Но ведь не убирают плоты. Аварийное оборудование занимает место, чтобы его возить, двигатели жгут больше керосина и загрязняют природу, а мы за это платим. Кстати, когда запаски убрали, машины не подешевели, зато в паспортных данных резко увеличились объёмы багажников. А что можно сложить в эти круглые ниши? В моём случае подполье занято большим пенопластовым органайзером, в складках которого застряли баллончик с какой-то пенистой дрянью и компрессор-недоросль. Как в лучших традициях французской кухни, когда тебе приносят огромный поднос с якобы изысканной фигулинкой посередине весом в два грамма... При боковых порезах (а мой оказался именно таким) химия под давлением — как аспирин при гангрене. Cколько компрессор вдувает, столько и выходит из дырки белой пеной эпилептика.

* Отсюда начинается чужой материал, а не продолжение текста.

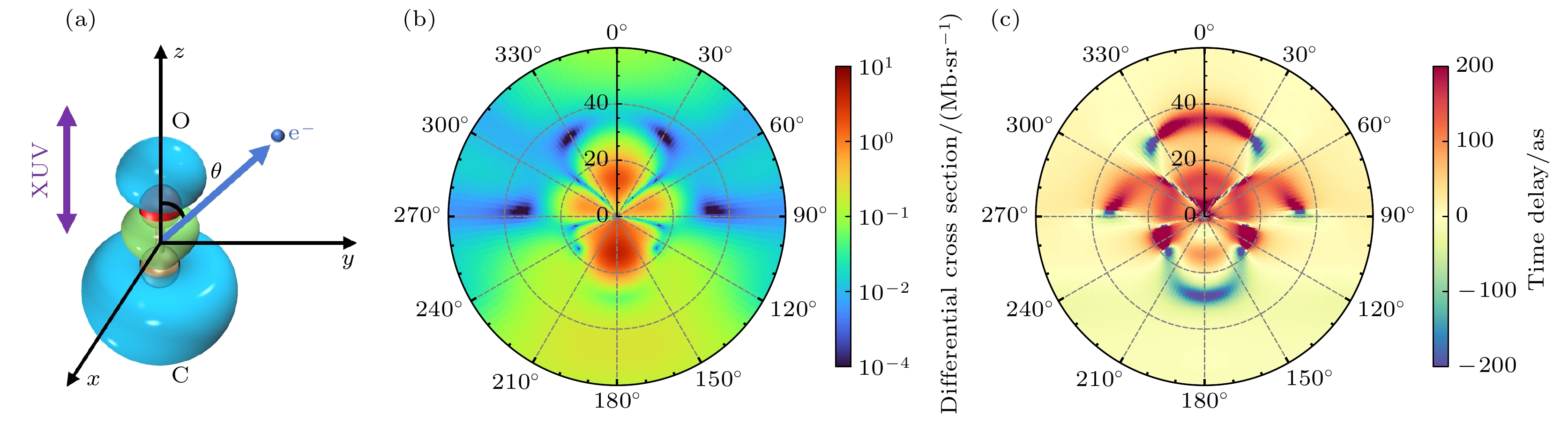 图 1 (a) CO分子5σ轨道光电离示意图, 在偏振方向平行于分子轴的XUV光子作用下, 光电子$ \mathrm{e}^{-} $沿与分子轴(z轴)夹角为θ的方向出射; 在平衡核间距$ R = 1.13 $ Å下$ 5\sigma\to k\sigma $通道的(b)微分光电离截面和(c)微分光电离时间延迟随θ和光电子能量的变化, 其中能量范围为1.5 eV—60 eV
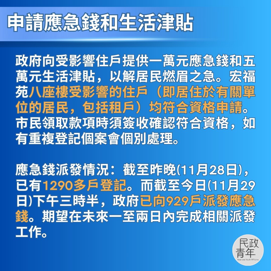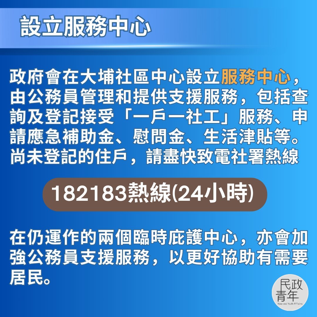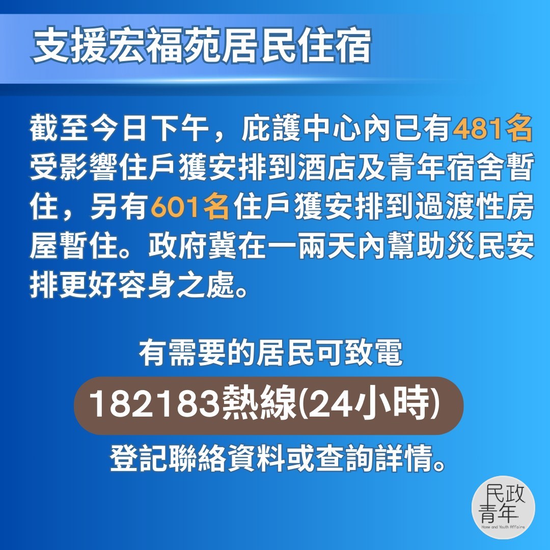 民政及青年事務局在社交平台發文表示,目前政府為所有受影響住戶提供所需的福利服務及其他支援(包括經濟援助),均會透過「一戶一社工」,並由專屬社工為居民跟進,居民不用四處奔走及處理各種填表事宜。社工亦會為居民提供支援住宿安排,所有短期或長期住宿安排均屬「免費」。未與社署聯絡的居民,請盡快致電社署24小時熱線182183登記。
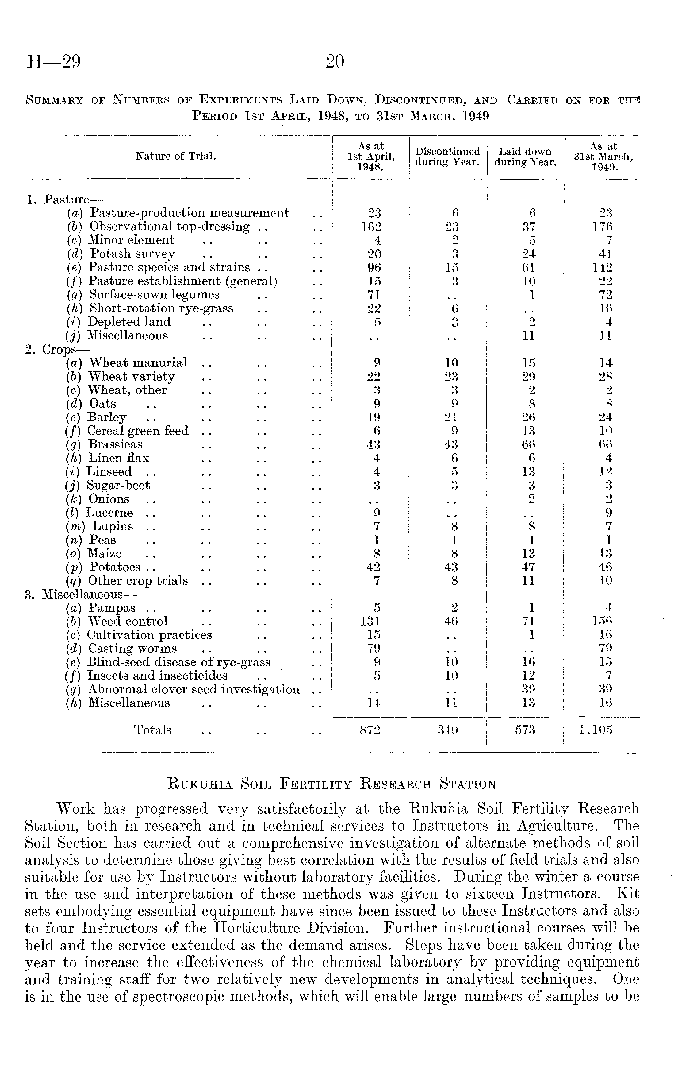 Rukuhia Soil Fertility Research Station Work lias progressed very satisfactorily at the Rukuhia Soil Fertility Research Station, both in research and in technical services to Instructors in Agriculture. The Soil Section has carried out a comprehensive investigation of alternate methods of soil analysis to determine those giving best correlation with the results of field trials and also suitable for use by Instructors without laboratory facilities. During the winter a course in the use and interpretation of these methods was given to sixteen Instructors. Kit sets embodying essential equipment have since been issued to these Instructors and also to four Instructors of the Horticulture Division. Further instructional courses will be held and the service extended as the demand arises. Steps have been taken during the year to increase the effectiveness of the chemical laboratory by providing equipment and training staff for two relatively new developments in analytical techniques. One is in the use of spectroscopic methods, which will enable large numbers of samples to be

Нашёл телефон фирменной службы технической помощи. Многоканальный и международный. Но кому во Франции нужны мой английский, испанский в совершенстве и бурятский со словарём? Тут все говорят только по-французски. Как несовершенен мир, как жалко, что эсперанто не получил распространение! Звоню франкоговорящему другу в Москву: объясняю, где нахожусь, что стряслось, что надо. Запаску надо. Прошу его позвонить в эту службу, рассказать, что и как, и попросить связаться со мной того, кто хоть на тройку по их десятибалльной шкале английский в школе выучил. И перезванивают! Мсье Леонтьев, говорят, подождите на линии. Слушаю Брамса в роуминге сорок минут. А потом — раз — и короткие гудки.

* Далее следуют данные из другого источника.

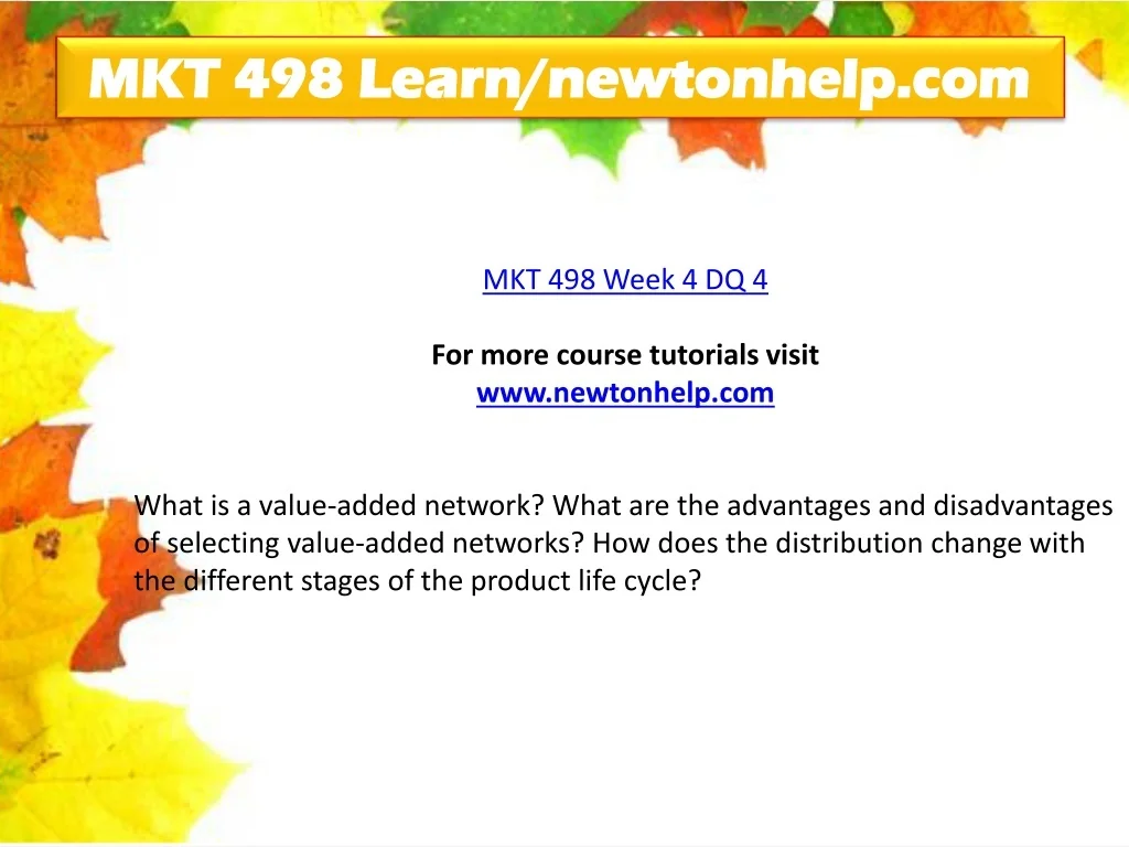 MKT 498 Learn/newtonhelp.com MKT 498 Week 4 DQ 4 For more course tutorials visit www.newtonhelp.com What is a value-added network? What are the advantages and disadvantages of selecting value-added networks? How does the distribution change with the different stages of the product life cycle?

Ладно, будем действовать на местном уровне. В сервисной книжке — телефоны всех европейских дилеров. Нахожу ближайшего. Англоговорящих там нет. Снова Москва приходит на помощь. Через 15 минут мне перезванивает культурный и обходительный человек, говорящий по-английски не хуже капитана Хроменкова, преподававшего мне военный перевод. Объясняю, в чём проблема и где нахожусь. Им нужен цвет моего автомобиля... Какая разница, на какой машине колёса менять? Лучше б про размерность шины спросили. Так вот — 225/40 R18. «А таких у нас нет. Но вы всё равно машину пригоняйте, будем искать...» Как же я её пригоню, коли она на трёх колёсах! Иначе я бы уже давно в Париже был, чтобы на самолёт и вон из дыры вашей... Чуть телефон в урну не метнул. Ко мне выехал эвакуатор.
Мне вдруг стало жутковато: в этой стране есть ядерная энергетика и оружие. Как люди здесь решают нештатные ситуации?

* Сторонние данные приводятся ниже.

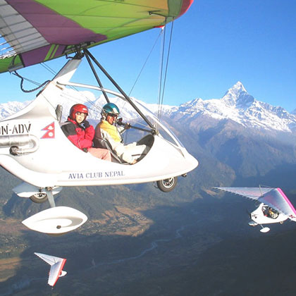 Ultra light aircraft take off from Pokhara airport and offer spectacular views of the lakes
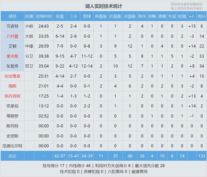 第一节湖人狂轰46分,鹈鹕仅得27分,比赛直接打花了。东契奇单节9投6中,砍下20分6篮板4助攻1抢断1盖帽,正负值+19。这是东契奇生涯第27次单节20+,超越詹姆斯(26次),排名NBA历史第六(1996-97赛季开始统计)。

И тут я вспомнил, как мы за одну ночь разбортировали о камни четыре колеса, пробираясь по метровому снегу северобайкальской тайги к БАМу, где не ездят с 1984 года. Все четыре колеса сбортировали, разводя костры и разогревая шины при минус 43. И ещё два колеса поменяли, когда вокруг не было ни души в радиусе 200 километров, и никто не верил, что мы оттуда выберемся сами. Выбрались: через пять дней, на трёх колёсах, потому что бортировать и менять уже было нечего. А потом починили четвёртое, натянув на
В другой раз мы плутанули в 500 километрах за полярным кругом по дороге на Тикси. Сбились с зимника, заехали на какую-то лесосеку, и об замороженный до состояния стали припорошенный пенёк разодрали шину. Секретку искали, пока не стемнело и не завыли волки. Потом вернулись на 100 километров назад в Батагай, где в местном шиномонтаже нам починили колесо. Оно прошло ещё 2500 км по зимникам, четыре тысячи по гравийкам и достойно скончалось уже на асфальте Красноярского края. Когда же, в своё время, под Грязовцом на трассе М8 я пропорол обе левых шины Рейндж Ровера, хватило двух звонков по номерам, написанным местными гаишниками, чтобы нашлись и эвакуатор в Вологде, и шины на 21 дюйм... А в чёртовом Гавре даже «восемнадцатых» нету!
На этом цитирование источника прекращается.